Had some trouble with this question in an exam recently, and wanted to make sure I reasoned correctly. The question was:
$X$ is a set of pairs of real numbers $(x,y)$, with absolute values less than or equal to $10$.
$R$ is an order relation on $X$ defined as $$ R=\lbrace \space (x,y), (x',y') \in X \times X \space |\space x \leq x' \wedge y \leq y' \space \rbrace $$ with $\leq$ the usual order on the reals.
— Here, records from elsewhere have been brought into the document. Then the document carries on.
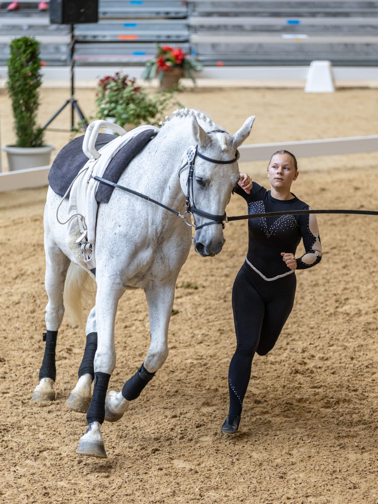 Samstag früh liefen Lilli Richter und Laura Köthe zur Einzelkür in den Zirkel ein. Laura Köthe konnte mit ihrem Pferd Exquisit ihre Trainingsleistung abrufen und eine gute Kür zeigen. Einen starken Anfang zeigen Lilli Richter und ihr Pferd Schlawiner. Leider fiel mitten in der Kür die Musik aus, was zu leichten Unsicherheiten führte. Sie beendete die Prüfung auf Rang 9 und sicherte sich damit die Teilnahme am Finale. Nach einer kurzen Mittagspause wurde es dann für das Juniorteam Merseburg mit der Gruppenkür ernst. Anfangs konnte die Gruppe ihre Trainingsleistung zeigen, jedoch schlichen sich im Mittelteil unnötige Fehler ein, weshalb sie den Umlauf mit einem 16. Platz beendeten. Damit haben sie um 0,018 Punkte knapp das Finale verpasst. Dennoch können zufrieden sie mit ihrem Debüt an einer Deutschen Jugendmeisterschaft sein. Den Abschluss des Tages machte noch einmal Eveline Pätz mit ihrer Kür. Zu ihrer Kürmusik “Alegria” turnte sie in gewohnt sauberer Manier und schloss ihren ersten U21-Start mit dem 14. Platz ab. Darauf kann sie stolz sein.
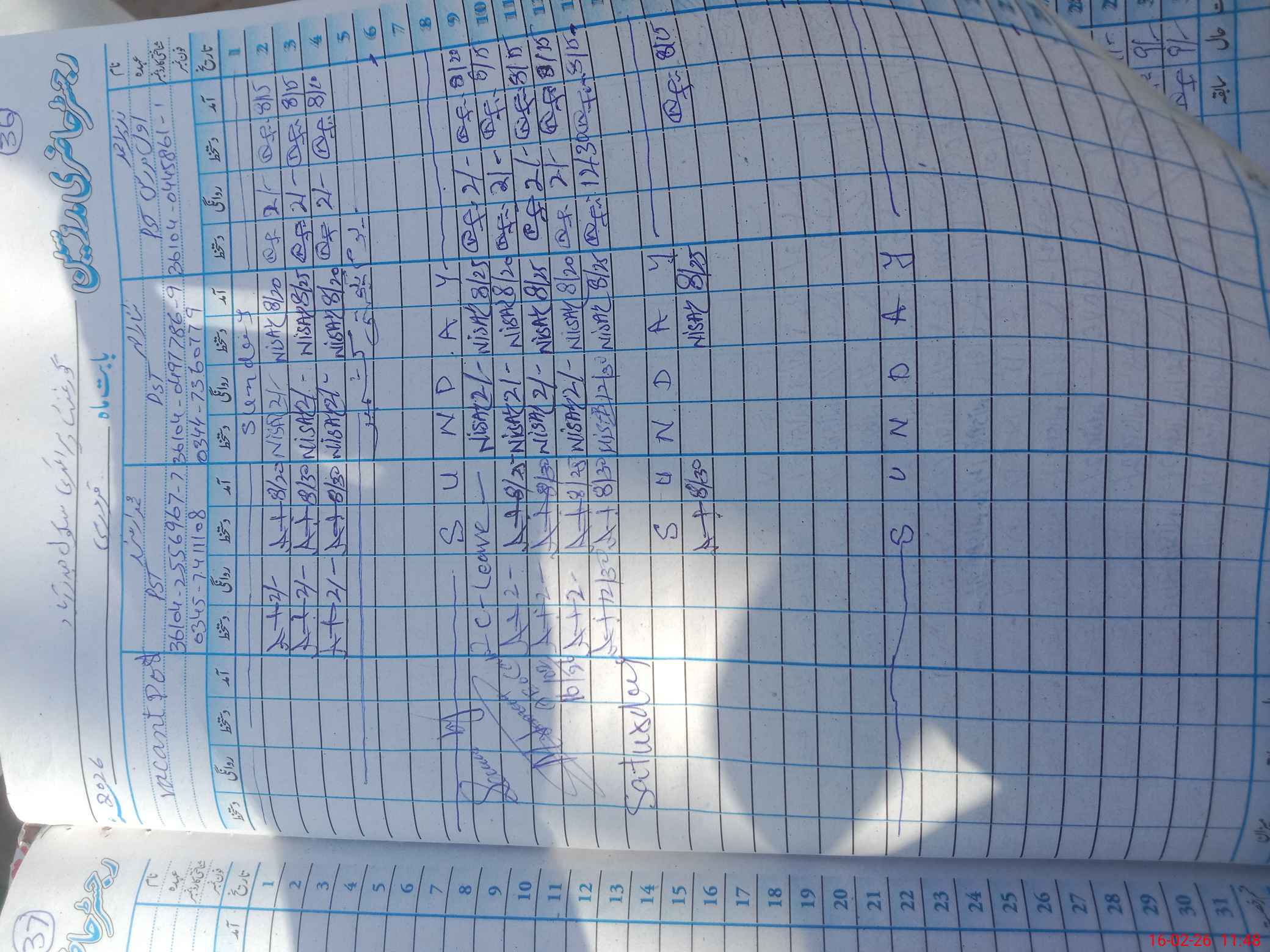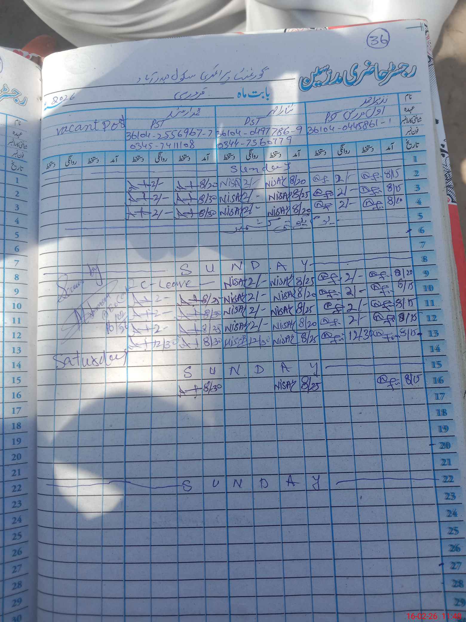 | CNIC | Full Name | Designation | R/C | Absence During Last Calender Month |
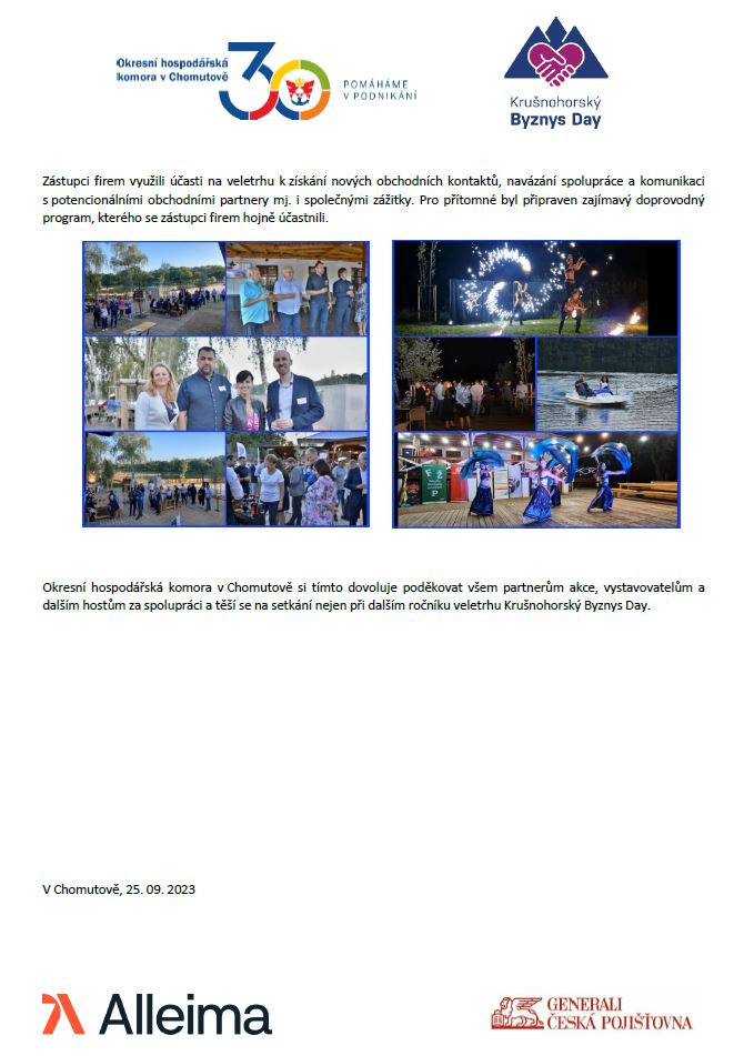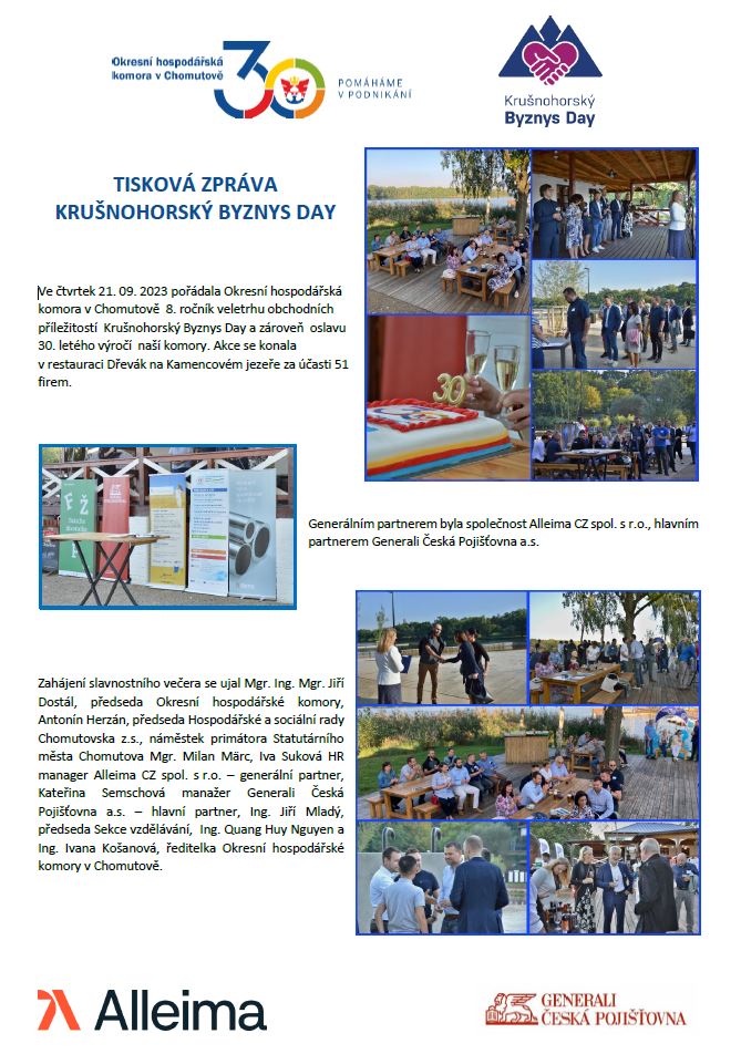 rádi bychom vám poděkovali za účast na 8. ročníku Krušnohorského Byznys Day a zároveň oslavu 30. výročí Okresní hospodářské komory v Chomutově.
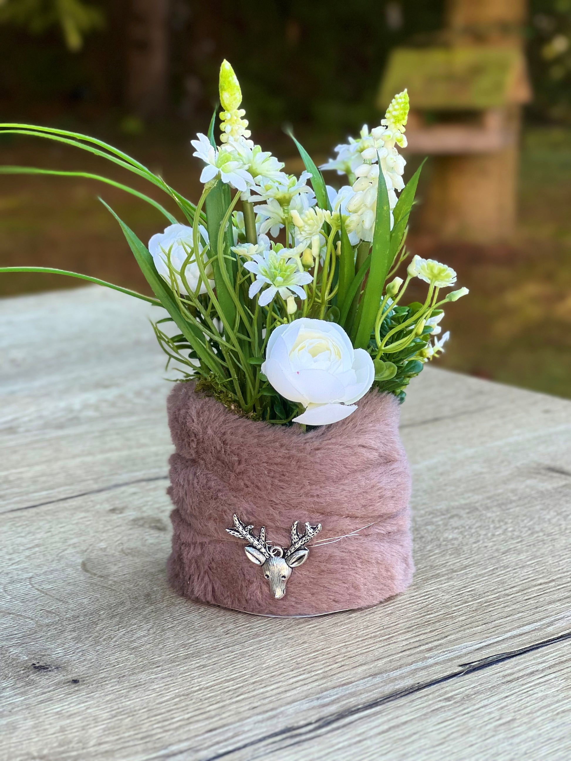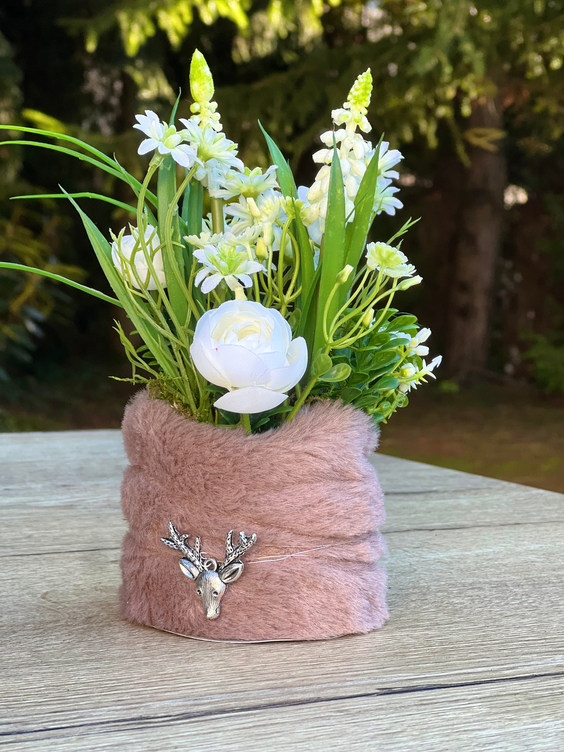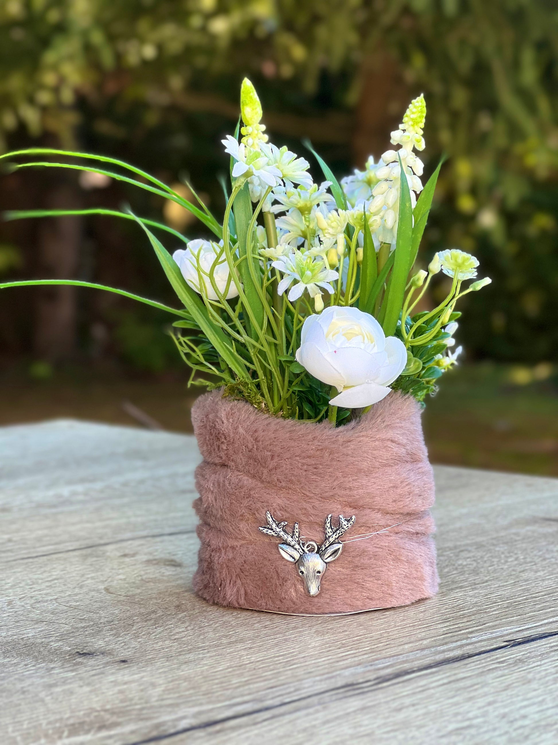 Das charmante Blumentörtchen im Fellkleid mit Hirschmedallion, besteht aus Traubenhyazinthen und grünen Zweigen und wird zum echten, alpinen Hingucker!

Find the meet (greatest lower bound) and join (greatest upper bound) of the subset $A$, where $$ A=\lbrace \space (x,y) \in X \times X \space | \space (x-1)^2 + (y-2)^2 = 100 \space \rbrace $$
Now am I right in saying that while there are a number of pairs $(x,y)$ that will satisfy $A$, these are not necessarily comprable and that therefore no glb or lub exists for $A$?
Consider the points $(10, 2 + \sqrt{19})$ and $(7, 10)$, which are in $A$. Any $(x, y)$ with $x < 10$ or $y < 10$ will not be greater than these points. Moreover, $(10, 10)$ is an upper bound for all of $X$, and $A \subset X$. This proves that $(10, 10)$ is the least upper bound for $A$.
Likewise, if $(x, y) \in X$ such that $x < -9$ or $y < -8$, then $(x, y) \notin A$. Hence $(-9, -8)$ is a lower bound for $A$. Since $(-9, 0), (0, -8) \in A$, it is in fact the greatest lower bound.